**WORK INSTRUCTIONS:**
Please reproduce the listing below exactly, leaving out every picture.
DATA RECORDS START
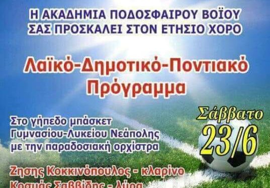 Η Ακαδημία Ποδοσφαίρου Βοΐου “Η Ένωση” σας προσκαλεί στον ετήσιο χορό που θα πραγματοποιήσει, το Σάββατο 23 Ιουνίου 2018, στο γήπεδο μπάσκετ Γυμνασίου Λυκείου Νεάπολης.
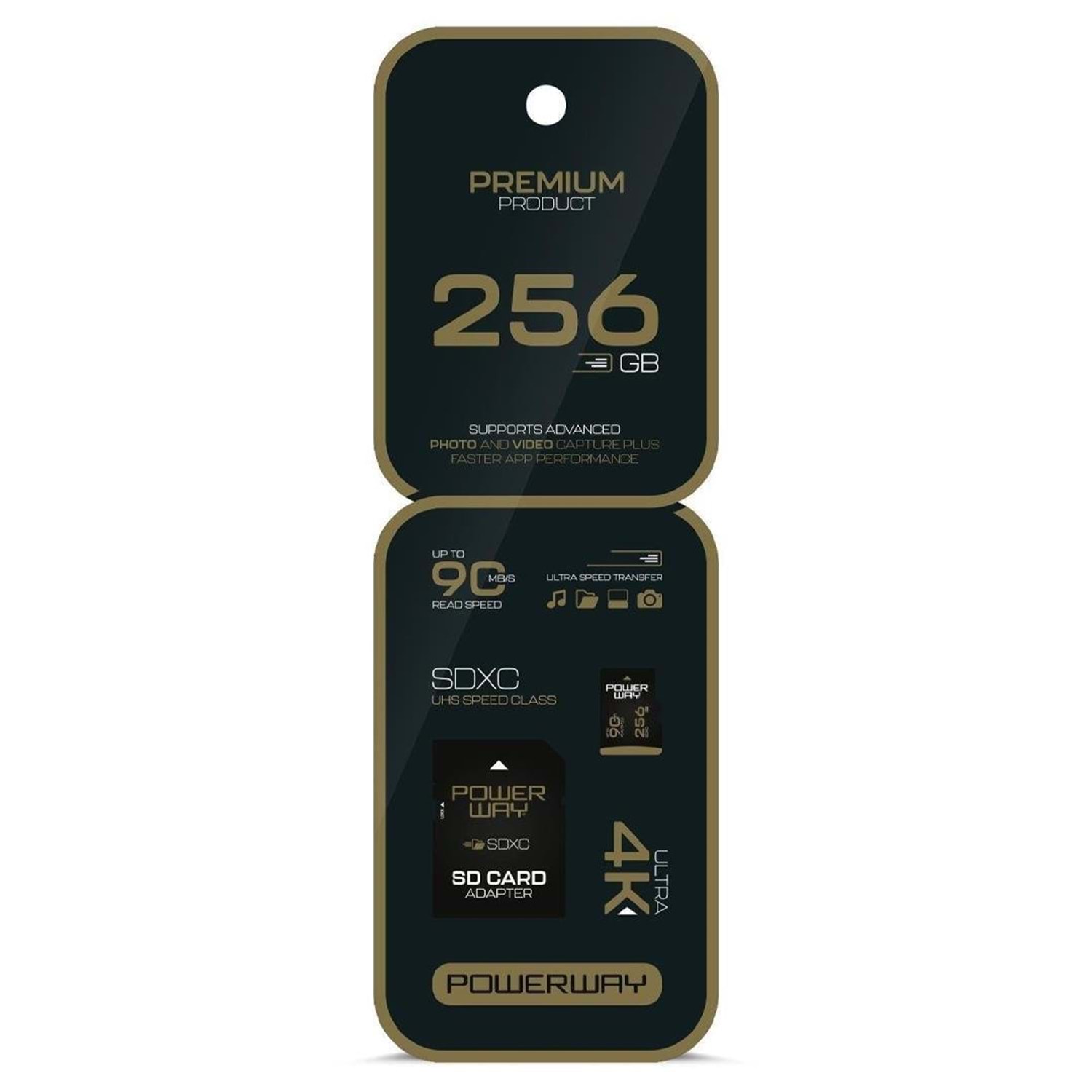 Powerway Premium 256 GB MİCRO SDXC UHS Class 4K Ultra Hızlı Hafıza Kartı + Adaptör
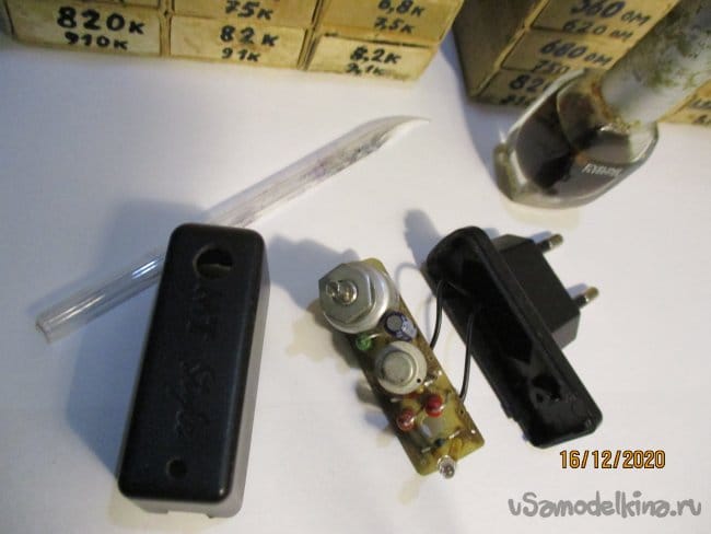 Правильно спаянная схема в наладке не нуждается, кроме подбора R3 (от 100 КОм и выше), по желаемой яркости свечения светодиода. Так как места в коробке хватает, использовал резисторы МЛТ-0,5, R3 состоит из двух последовательно включённых резисторов.
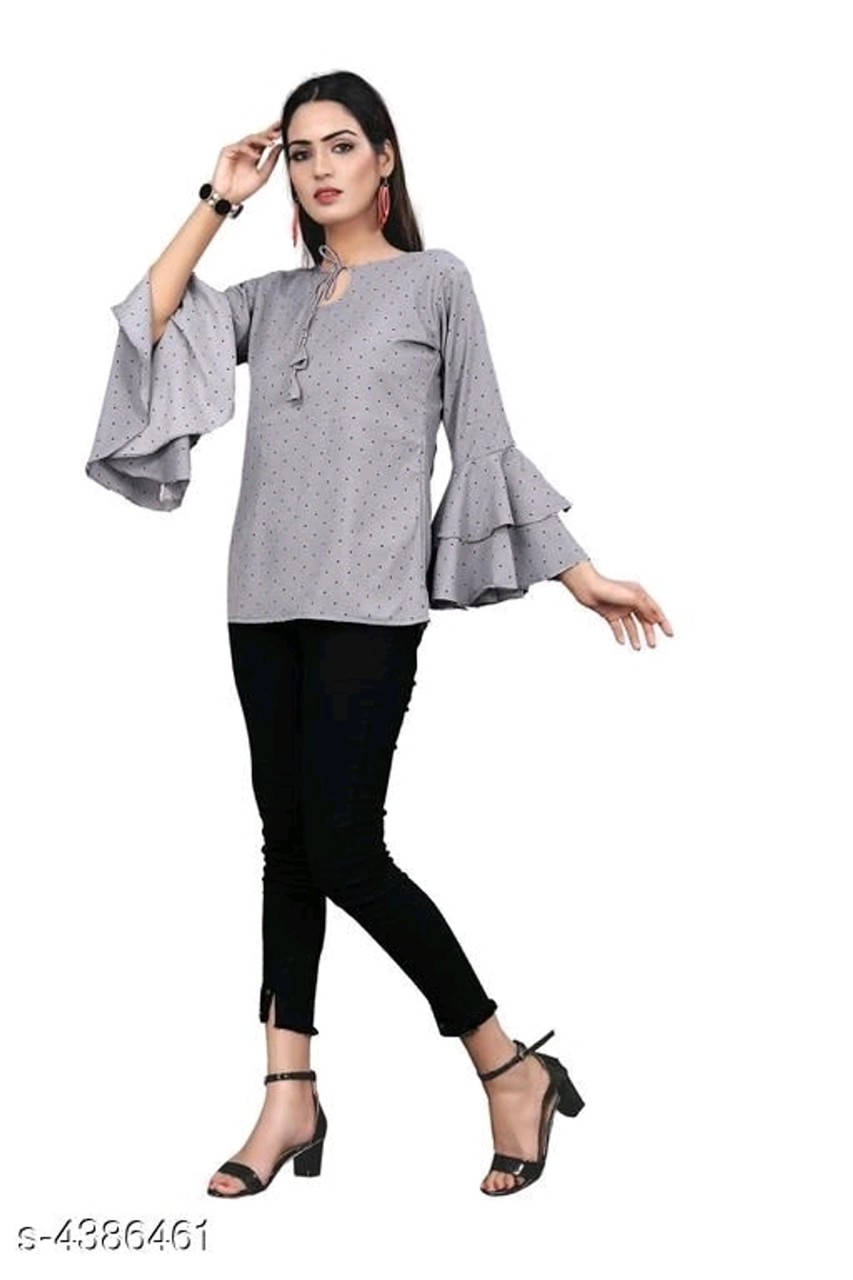 Women's Printed Grey Crepe Top Name: Women's Printed Grey Crepe Top Fabric: Crepe Sleeve Length: Three-Quarter Sleeves Pattern: Printed Multipack: 1 Sizes: S (Bust Size: 36 in Length Size: 28 in) XL (Bust Size: 42 in Length Size: 28 in) L (Bust Size: 40 in Length Size: 28 in) M (Bust Size: 38 in Length Size: 28 in) XXL (Bust Size: 44 in Length Size: 28 in) Country of Origin: India free delivery return policy 6 days
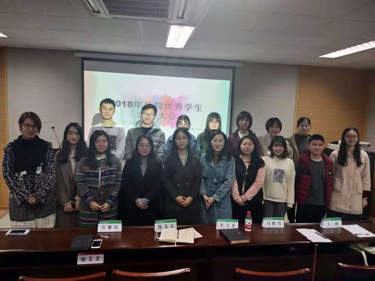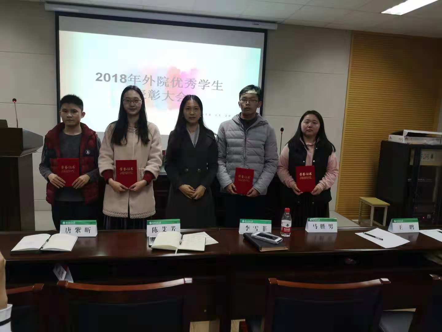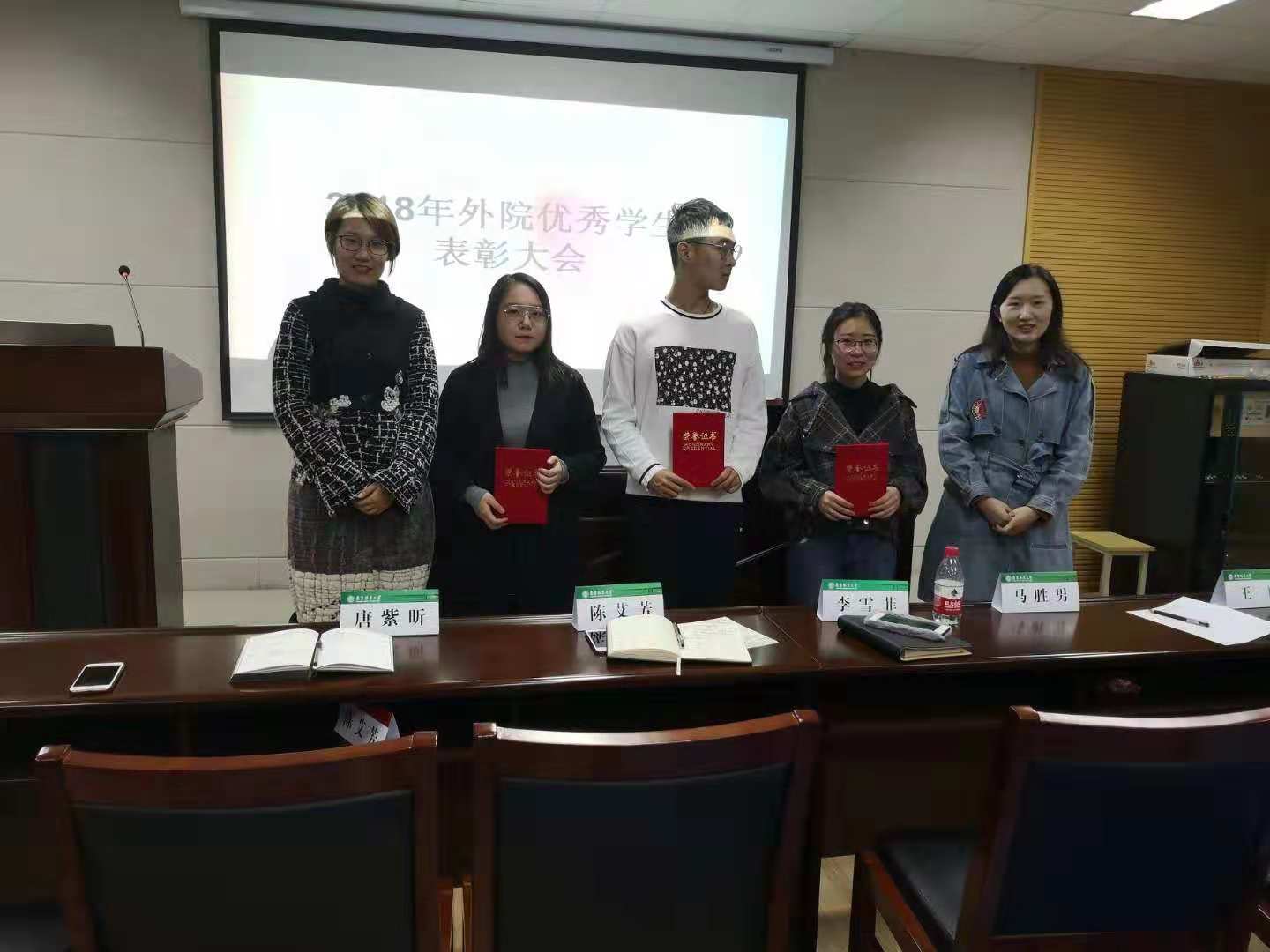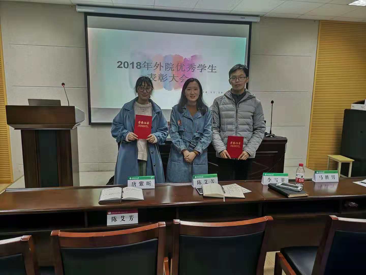 11月29日下午,我院社会实践优秀学生表彰大会在学院会议室B226举行。院党委副书记兼副院长陈艾芳、院团委书记兼学工办主任李雪菲、外语院辅导员兼组织员唐紫昕、助理辅导员、全体团工委学生以及各班级团支书参加了大会。会议由团工委学习实践部部长吴芮姝主持。大会开始,葛莎莎同学代表研究生社会实践团队介绍了他们暑期实践项目――“商业景区的改造对生态环境以及附近居民生活的影响”;吕鹏同学代表本科生和研究生联合团队介绍了暑期社会实践项目――“传播丝路精神,暑期社会实践江苏行”,吕鹏从团队构成、地方选择、团队协作、媒体宣传等四个方面对活动进行了总结;大二学生刘雨乐和潘旭艳同学代表赴美带薪实习调研团队,分享了在美国工作的亲身亲历与所思所感。项目介绍完毕,陈艾芳、李雪菲和唐紫昕三位老师分别为社会实践和宣传工作优秀学生们颁发了表彰证书。大会最后,陈艾芳做了总结发言,她指出,社会实践对于大学生了解社会、认识国情、增长才干、奉献社会、锻炼毅力、培养品格具有重要意义,学院将通过社会实践常态化、微小化、融合化,通过打造“外院榜样,青春领航”,通过榜样带动,全员参与,鼓励更多的同学参与进来、有所收获、有所展示。她对在座同学们提出了新的要求与期待,以做更优质的社会实践活动为平台,全面提升学院学生的家国情怀和国际视野。文编:周兴融审核:李雪菲照片:陈彦潼
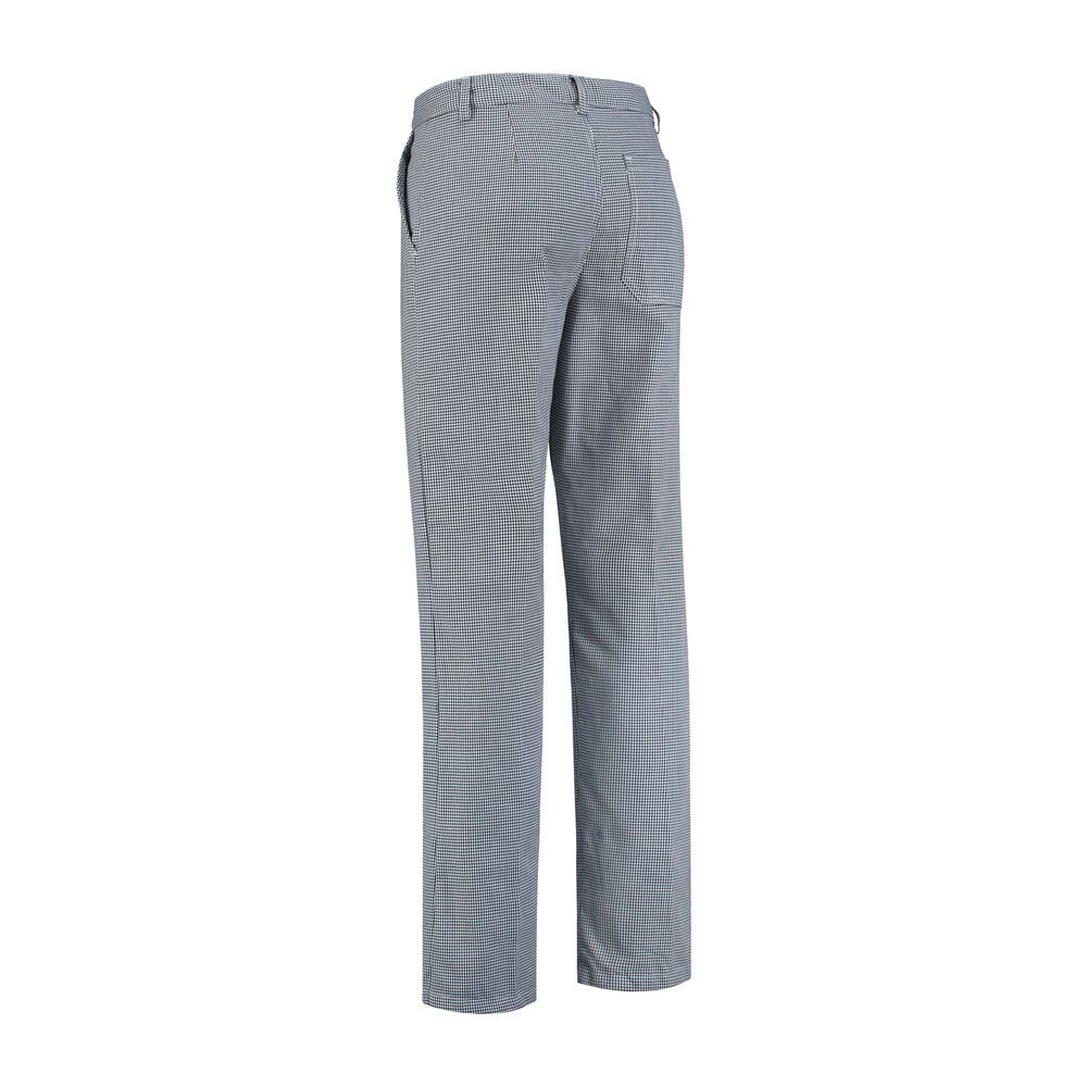 Bakkersbroek 65% polyester / 35% katoen, 200 gr./m2. Knoopsluiting met rits, 2 zijzakken, 1 achterzak, riemlussen, verstelbaar elastiek in de tailleband.
DATA RECORDS END
**ANSWER TO THE EXERCISE:**
 Η Ακαδημία Ποδοσφαίρου Βοΐου “Η Ένωση” σας προσκαλεί στον ετήσιο χορό που θα πραγματοποιήσει, το Σάββατο 23 Ιουνίου 2018, στο γήπεδο μπάσκετ Γυμνασίου Λυκείου Νεάπολης.
 Powerway Premium 256 GB MİCRO SDXC UHS Class 4K Ultra Hızlı Hafıza Kartı + Adaptör
 Правильно спаянная схема в наладке не нуждается, кроме подбора R3 (от 100 КОм и выше), по желаемой яркости свечения светодиода. Так как места в коробке хватает, использовал резисторы МЛТ-0,5, R3 состоит из двух последовательно включённых резисторов.
 Women's Printed Grey Crepe Top Name: Women's Printed Grey Crepe Top Fabric: Crepe Sleeve Length: Three-Quarter Sleeves Pattern: Printed Multipack: 1 Sizes: S (Bust Size: 36 in Length Size: 28 in) XL (Bust Size: 42 in Length Size: 28 in) L (Bust Size: 40 in Length Size: 28 in) M (Bust Size: 38 in Length Size: 28 in) XXL (Bust Size: 44 in Length Size: 28 in) Country of Origin: India free delivery return policy 6 days
 11月29日下午,我院社会实践优秀学生表彰大会在学院会议室B226举行。院党委副书记兼副院长陈艾芳、院团委书记兼学工办主任李雪菲、外语院辅导员兼组织员唐紫昕、助理辅导员、全体团工委学生以及各班级团支书参加了大会。会议由团工委学习实践部部长吴芮姝主持。大会开始,葛莎莎同学代表研究生社会实践团队介绍了他们暑期实践项目――“商业景区的改造对生态环境以及附近居民生活的影响”;吕鹏同学代表本科生和研究生联合团队介绍了暑期社会实践项目――“传播丝路精神,暑期社会实践江苏行”,吕鹏从团队构成、地方选择、团队协作、媒体宣传等四个方面对活动进行了总结;大二学生刘雨乐和潘旭艳同学代表赴美带薪实习调研团队,分享了在美国工作的亲身亲历与所思所感。项目介绍完毕,陈艾芳、李雪菲和唐紫昕三位老师分别为社会实践和宣传工作优秀学生们颁发了表彰证书。大会最后,陈艾芳做了总结发言,她指出,社会实践对于大学生了解社会、认识国情、增长才干、奉献社会、锻炼毅力、培养品格具有重要意义,学院将通过社会实践常态化、微小化、融合化,通过打造“外院榜样,青春领航”,通过榜样带动,全员参与,鼓励更多的同学参与进来、有所收获、有所展示。她对在座同学们提出了新的要求与期待,以做更优质的社会实践活动为平台,全面提升学院学生的家国情怀和国际视野。文编:周兴融审核:李雪菲照片:陈彦潼
 Bakkersbroek 65% polyester / 35% katoen, 200 gr./m2. Knoopsluiting met rits, 2 zijzakken, 1 achterzak, riemlussen, verstelbaar elastiek in de tailleband.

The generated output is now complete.